#### Task item:
For every entry below, give it back exactly and leave out any image.

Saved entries
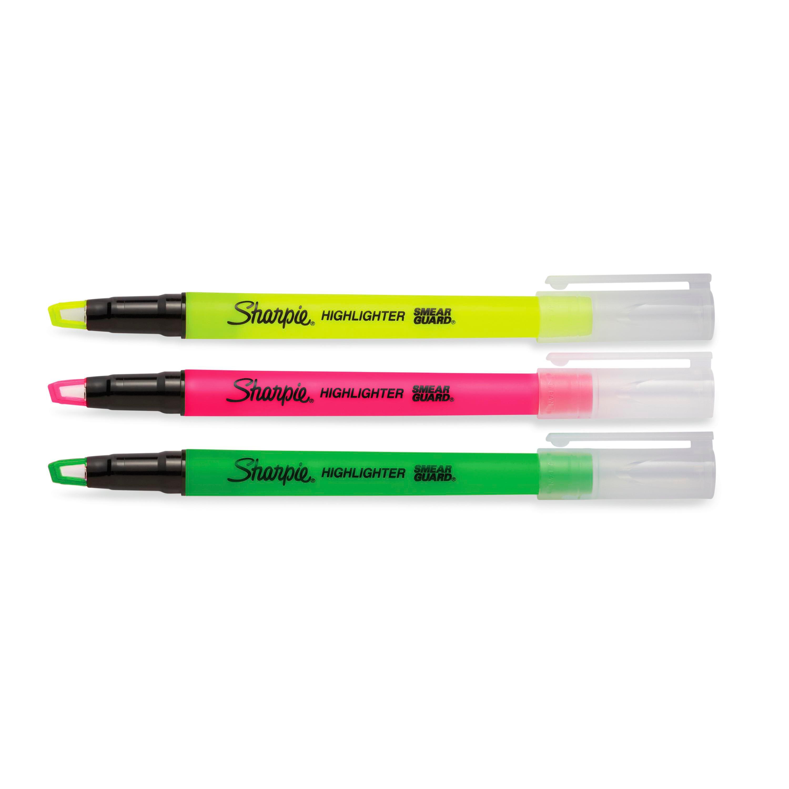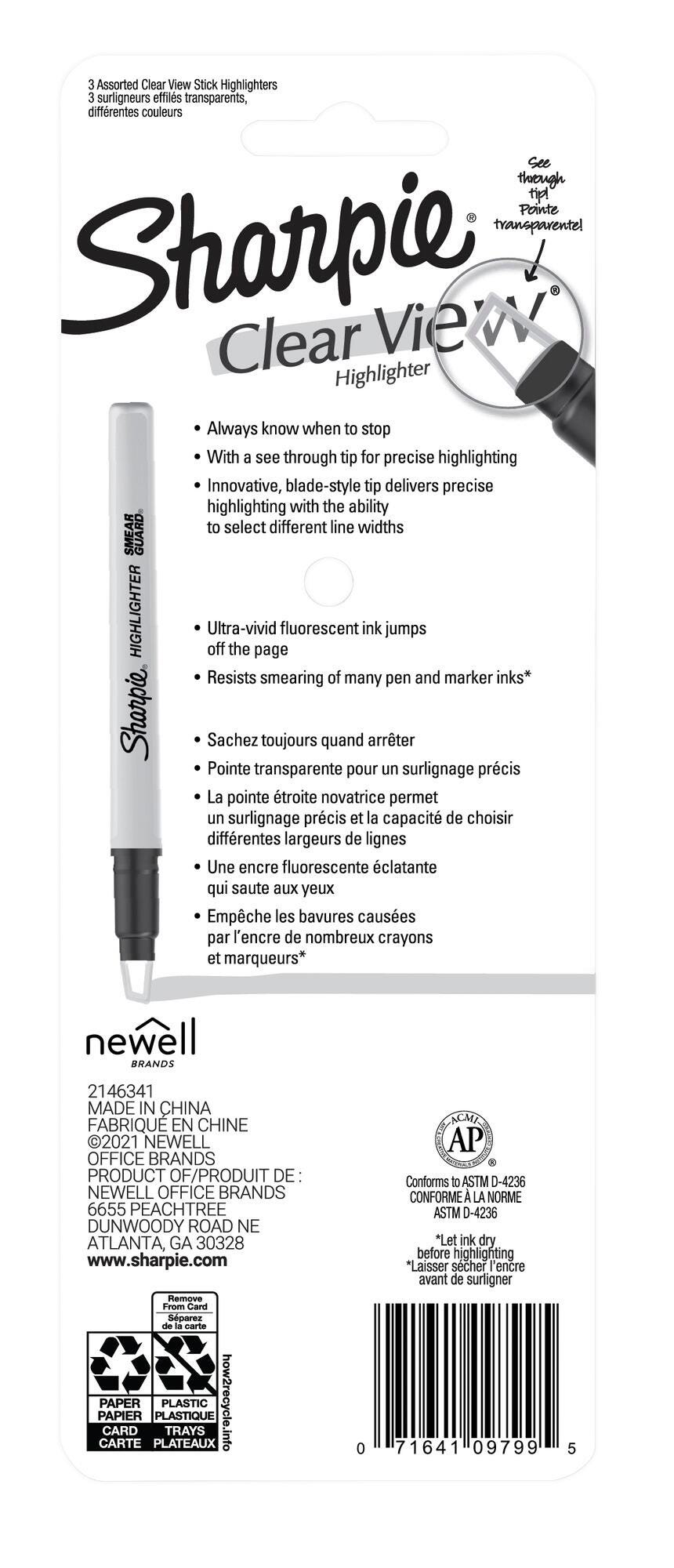 Always see where you're marking with the Sharpie Clear View Highlighter! The unique see-through tip ensures your marks are precise by keeping your eyes on the page, and can create wide and narrow lines for highlighting and underlining. These highlighters are equipped with extra vivid ink that is specially designed with Smear Guard® technology to resist the smearing of pen and marker inks. This set of 3 includes the following colors: yellow, pink, and green.
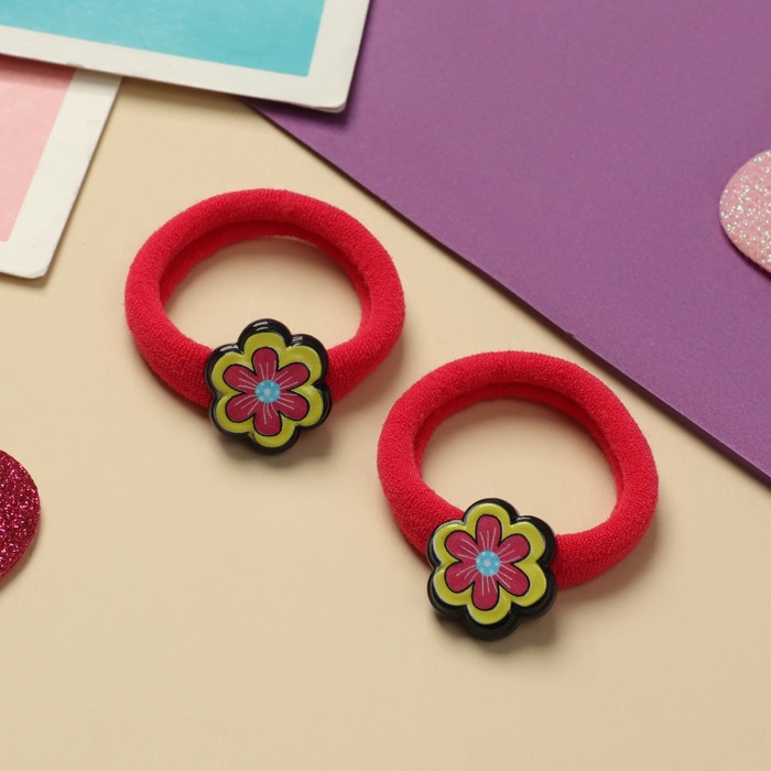 Резинки для волос «Нежность», набор 2 шт., цветочек, 4 см, красный
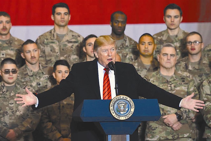 美國總統川普二十八日突然造訪阿富汗的美軍基地,對官兵發表談話,並宣布與塔利班重啟和平談判。圖/法新社
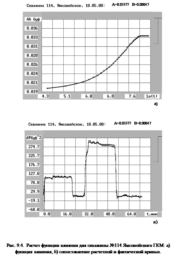 По результатам замеров строят функцию влияния (рис.9.4а.) и определяют значения фильтрационных коэффициентов. Основными критериями оценки результатов обработки служат два фактора: стабилизация значений функции влияния за время проведения исследований и хорошее согласование расчетных и фактических кривых изменения давления на устье скважины (рис.9.4б.)
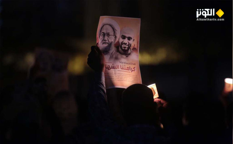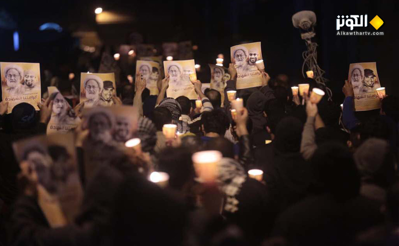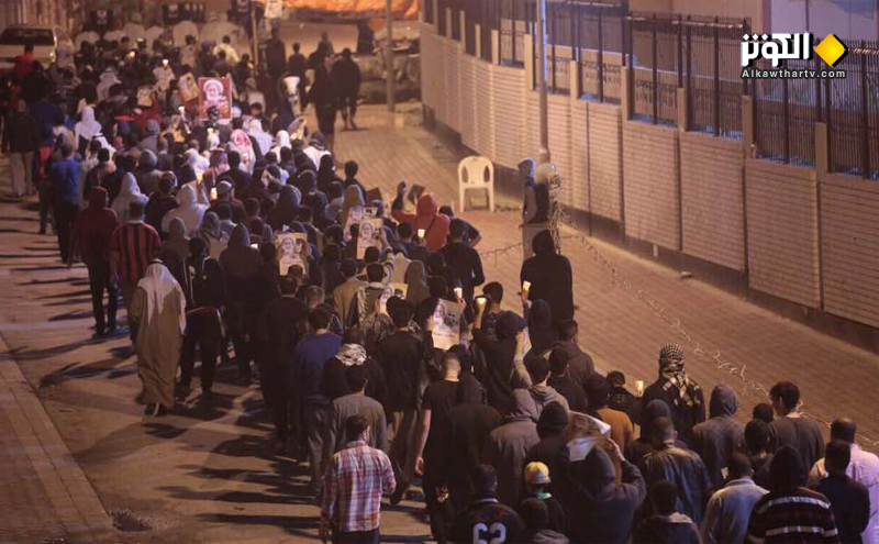 وليلاً، انطلقت مسيرات الحداد في عدد من مناطق البحرين، وحمل المحتجون الشموع بجانب صور شهداء الحرية الثلاثة رضا الغسرة ومحمود يحيى ومصطفى يوسف. ففي بني جمرة انطلقت مسيرة بالتوازي مع انطلاق مسيرة ممثالة في الدراز في محيط منزل آية الله قاسم، وحمل المشاركون في المسيرتين الشموع وصور آية الله قاسم وصور الشهداء الثلاثة، ورردو هتافات ترفض حكم الفرد والاستفراد بثروات البلاد.
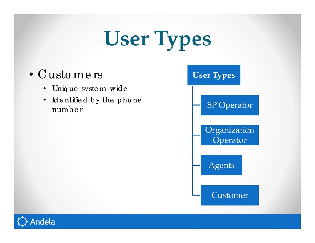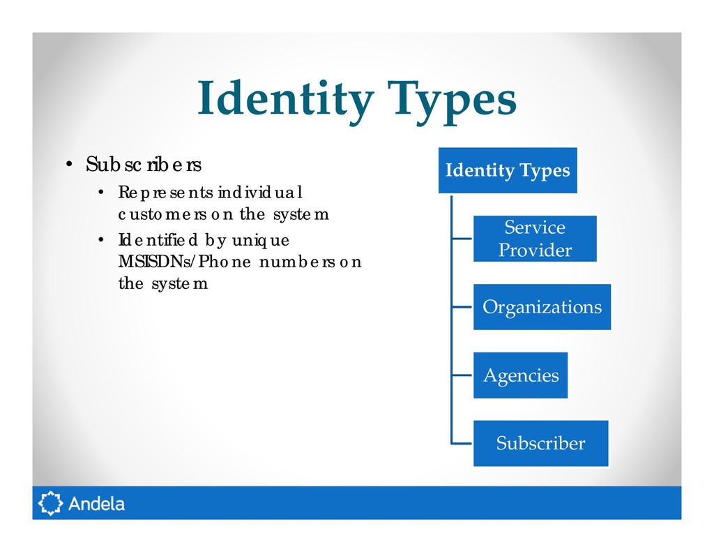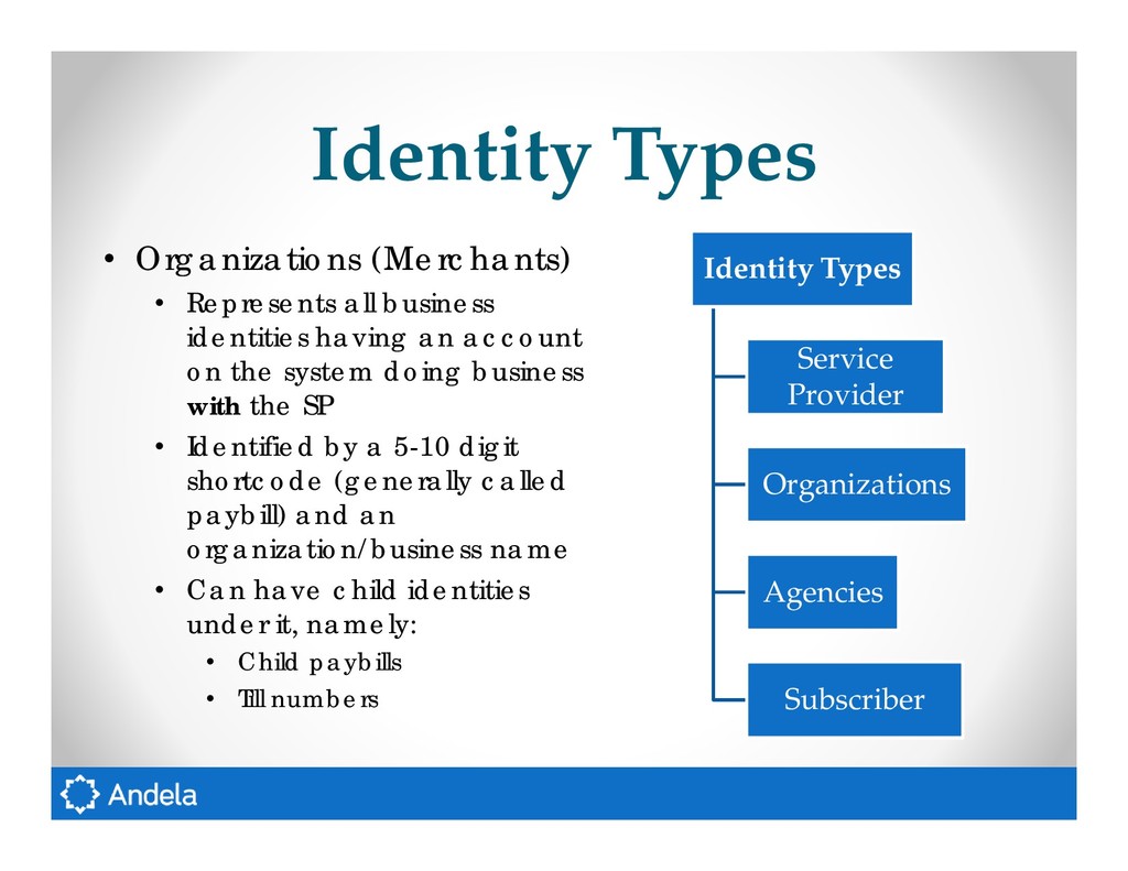 Organizations (Merchants) • Represents all business identities having an account on the system doing business with the SP • Identified by a 5-10 digit shortcode (generally called paybill) and an organization/business name • Can have child identities under it, namely: • Child paybills • Till numbers

#### Output for this exercise:
 Always see where you're marking with the Sharpie Clear View Highlighter! The unique see-through tip ensures your marks are precise by keeping your eyes on the page, and can create wide and narrow lines for highlighting and underlining. These highlighters are equipped with extra vivid ink that is specially designed with Smear Guard® technology to resist the smearing of pen and marker inks. This set of 3 includes the following colors: yellow, pink, and green.
 Резинки для волос «Нежность», набор 2 шт., цветочек, 4 см, красный
 美國總統川普二十八日突然造訪阿富汗的美軍基地,對官兵發表談話,並宣布與塔利班重啟和平談判。圖/法新社
 По результатам замеров строят функцию влияния (рис.9.4а.) и определяют значения фильтрационных коэффициентов. Основными критериями оценки результатов обработки служат два фактора: стабилизация значений функции влияния за время проведения исследований и хорошее согласование расчетных и фактических кривых изменения давления на устье скважины (рис.9.4б.)
 وليلاً، انطلقت مسيرات الحداد في عدد من مناطق البحرين، وحمل المحتجون الشموع بجانب صور شهداء الحرية الثلاثة رضا الغسرة ومحمود يحيى ومصطفى يوسف. ففي بني جمرة انطلقت مسيرة بالتوازي مع انطلاق مسيرة ممثالة في الدراز في محيط منزل آية الله قاسم، وحمل المشاركون في المسيرتين الشموع وصور آية الله قاسم وصور الشهداء الثلاثة، ورردو هتافات ترفض حكم الفرد والاستفراد بثروات البلاد.
 Organizations (Merchants) • Represents all business identities having an account on the system doing business with the SP • Identified by a 5-10 digit shortcode (generally called paybill) and an organization/business name • Can have child identities under it, namely: • Child paybills • Till numbers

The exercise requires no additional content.